What safeguards are designed into the product to avoid performance degradation and db connection problems?

These safeguards include the following (including the max_user_connections configuration itself):

  • The Oracle B2C Service service is a shared resource, and sites are initially provisioned to handle expected capacity. Capacity constraints can be adjusted by our GNC team according to changing capacity needs.
  • Sites are protected by the hidden configuration (max_user_connections) used to indicate the maximum number of concurrent db connections allowable by a single site/instance. This number is 150 for all sites without exception.
  • Maximum join configurations limit queries made on the site/instance db (limits queries to scan a configured number of db rows under specific and identified circumstances)
  • ROQL blocklisting functionality is used in conjunction with maximum join configurations to limit queries made on the site/instance db (blocks/blocklists or diverts ROQL queries to replication)
  • Product feature-level timeouts limit the amount of time a db connection can be held by a particular service request (SOAP API for example)

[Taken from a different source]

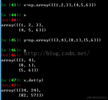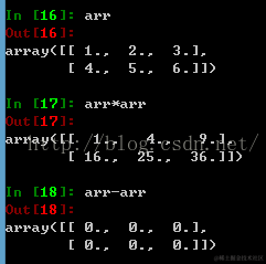 2、数组间的算术运算,相等大小的数组间运算会应用到元素级
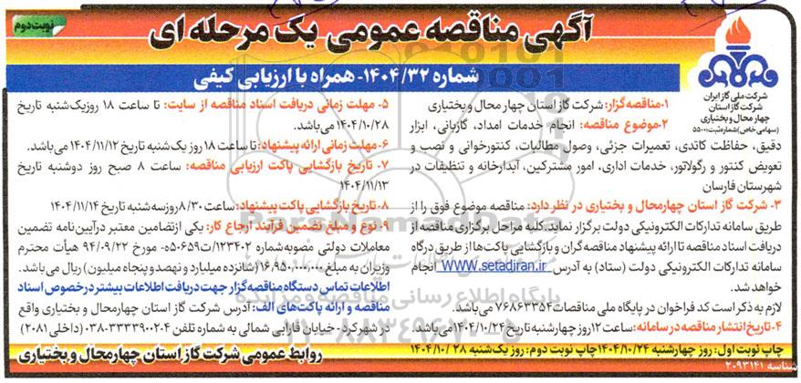 آگهی مناقصه عمومی یک مرحله ای شماره 1404/32 همراه با ارزیابی کیفی نویت دوم

When are these safeguards insufficient?

The safeguards put in place are sometimes not enough to protect a site from hitting the max_user_connections configured limit. It can be helpful to consider that Oracle B2C Service instances/sites can process a massive amount of data and transactions in a given time. Further, it happens to be that often the cause of db connection problems are less a problem with overall site/instance capacity utilization but rather the result of a single aspect of the site configuration/customization that is able to hold all 150 of the available connections alone under certain circumstances.

How should I go about investigating db connection errors?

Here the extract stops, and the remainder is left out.